Date of Conferral
Date of Award
Estimation via least squares is a mature area of statistics, but a phenomenon that occurs under certain conditions has escaped attention for hundreds of years, and is the focus of this dissertation. This new discovery demonstrates, both graphically and mathematically, the fact that certain conditions cause data points to have no influence on predictions made using ordinary least squares models. Least squares predictions are widely used in many disciplines to make decisions or to determine what may happen in the future. The loss of data when predicting y -values in a linear model is a loss of information, and such a prediction may be suboptimal in comparison to some other prediction technique that uses all the y -data points in its calculation. Since noncontributory data can be identified before the dependent variable data is even collected, this research can be used as a tool to help statisticians structure their input data more efficiently and analyze existing data with better understanding.

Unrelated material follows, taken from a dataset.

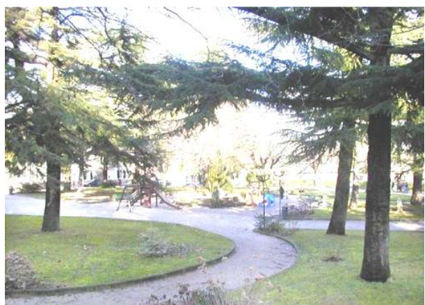
Castelnuovo Val di Cecina: il "Piazzone"

di "dare Gesù" e di "condurre a Lui". Preghiere, canti, commenti appropriati e il suono della Banda hanno accompagnato il cammino. La Processione ha fatto sosta nei Giardini pubblici detti "Il Piazzone" e lì è stato letto un "Pensiero" che ha spiegato il motivo di quella sosta. Le parole furono queste:

In this dissertation, the mathematical relationships between predictions and data points that are independent of those predictions have been developed and proven for least squares straight-line models, general polynomial models, and general univariate models that are linear in the unknown coefficients. The effect of noncontributory data were analyzed and shown graphically via numerous examples and mathematically in the general form. The important concept of data wells was introduced, defined, and examined to demonstrate the far reaching effect of this new discovery on least squares estimation. Data wells show that the phenomenon of noncontributory data is a continuous rather than a discrete phenomenon, a fact that extends the impact of this discovery dramatically. Finally, recommendations were made regarding future research in least squares sensitivity analysis, including work that will ultimately find a remedy for the phenomenon discussed in this dissertation.
This dissertation provides a foundation for future work in sensitivity analysis, and will help researchers better understand their data both before and after collection. Future research in this area should ultimately result in better predictions, and will have the effect of saving researchers both time and money in their work.